Out of home (OOH) player oOh!media has released its results for the year ended 31 December 2023, reporting a 7% bump in revenue off the back of growth across all OOH formats.

Revenue was reported at $633.9 million, with net profit after tax at $34.6 million, up 10% year on year (YoY).

The growth in revenue was driven by a 14% increase in the road (billboard) division, which accounted for $218.4 million in revenue. The continued recovery of the travel industry saw a 29% YoY jump in fly (airport) revenue to $43.7 million, whilst the return of audiences to the city offices saw a 10% lift in city and youth formats to $17.7 million.

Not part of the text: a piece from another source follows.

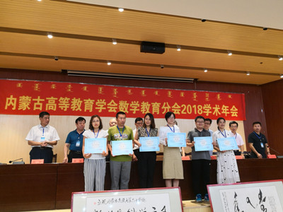 兩位領(lǐng)導(dǎo)致辭之后,分會秘書長、我校數(shù)學(xué)系主任額爾敦布和教授公布第四屆(2018)全國高校數(shù)學(xué)微課設(shè)計競賽內(nèi)蒙古分賽區(qū)比賽結(jié)果,全區(qū)高校30名教師分別獲得內(nèi)蒙古分賽區(qū)比賽特等獎、一等獎和二等獎,并由與會領(lǐng)導(dǎo)為獲獎教師頒發(fā)榮譽(yù)證書。我校數(shù)學(xué)系青梅博士、塔娜兩位老師提交的作品“阿貝爾定理”和“全微分的定義”分別榮獲內(nèi)蒙古分賽區(qū)一、二等獎。會上還公布了擬入選內(nèi)蒙古自治區(qū)高等學(xué)校“面向21世紀(jì)數(shù)學(xué)類蒙文規(guī)劃系列教材”的教材名稱。

Other formats reported modest, but positive, growth. Revenue for street furniture and rail formats was up 1% YoY to $197.7 million in revenue. While there was a decline in the first half due to QMS’ expanded City of Sydney offering in late 2022, this was corrected by a 4% lift in the second half, compared to the same period in 2022.

Retail reported a 2% YoY in revenue to $145.2 million. OOh! significantly expanded its retail foot print in 2023, adding 380 new digital panels to more than 44 new and upgraded centres.

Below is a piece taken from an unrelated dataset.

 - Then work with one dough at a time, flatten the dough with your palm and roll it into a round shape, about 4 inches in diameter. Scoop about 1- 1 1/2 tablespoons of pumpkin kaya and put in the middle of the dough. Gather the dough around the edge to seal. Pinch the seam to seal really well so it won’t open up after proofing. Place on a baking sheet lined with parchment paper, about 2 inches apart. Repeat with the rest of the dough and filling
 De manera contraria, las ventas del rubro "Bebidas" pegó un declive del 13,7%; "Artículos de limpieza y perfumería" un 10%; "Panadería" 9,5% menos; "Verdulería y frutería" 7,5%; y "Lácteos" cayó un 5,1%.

The group also launched its new reooh division which focuses on retail or instore signage, a market predicted to be worth $3 billion in Australia by 2027 according to Morgan Stanley.

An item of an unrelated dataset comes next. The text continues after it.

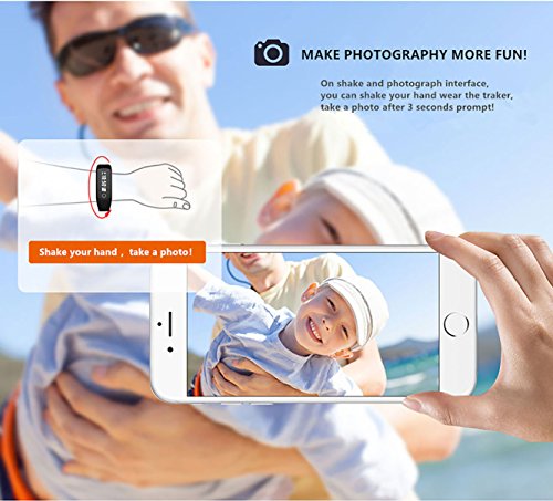 WATER-RESISTANT & CAMARA REMOTE: The silicon band tracks your active lifestyle through sweaty cardio sessions, showers, and frequent hand-washing with IP67 water resistance. On shake& photography interface, you can shake your hand wear the band and take a picture after 3 seconds prompt. It's fun for you, your families & friends!

In its first year of operation reooh secured two long term contracts, with one major Australian retailer signing on for a pilot program in Q1 CY24.

Elsewhere, the business managed to retain 75% of the large contracts expiring in the 2023 calendar year, also adding new contracts for Sydney Metro, Sydney Metro Martin Place and Woollahra Council, worth a collective $30 million in annualised revenue from mid 2024.

“We delivered a solid result which highlights the financial discipline and operational improvements that are positioning oOh! to capitalise on the continued growth of Out of Home which remains the fastest growing media segment,” said chief executive officer, Cathy O’Connor.

“The Group is developing innovative new revenue streams while remaining disciplined on our approach to renewing existing contracts or winning new contracts. This is expected to strongly position oOh! to retain market leadership and build revenue in a rapidly evolving sector.

“Our focus remains on leveraging the structural growth opportunities in Out of Home to build profitable market share, while also diversifying into new adjacent revenue streams to deliver long-term sustainable earnings growth.”

The results come after what has been a strong year for the out of home sector more broadly, with the Outdoor Media Alliance (OMA) reporting that Out of Home grew 12% for 2023, or 8% after adjusting for City of Sydney.

The latest Standard Media Index (SMI) figures also put outdoor as the fastest growing channel in Australia, in terms of advertising spend, up 15.1% year on year.

“Outdoor media’s recovery from the COVID era has been quite extraordinary with growth continuing to accelerate each year since the pandemic with this year’s revenues now 70% higher than the COVID-hit year of CY2020 but also 43.3% above the CY2021 total even though the media had already reported a strong recovery that year,’’ Guideline SMI APAC managing director Jane Ractcliffe noted in January.

Looking to 2024, oOh!media said it expected that OOH will continue its structural growth, taking revenue share from other media sectors.

The company sits at a market capitalisation of $859.47 million and a share price of $1.60 and as of February 16.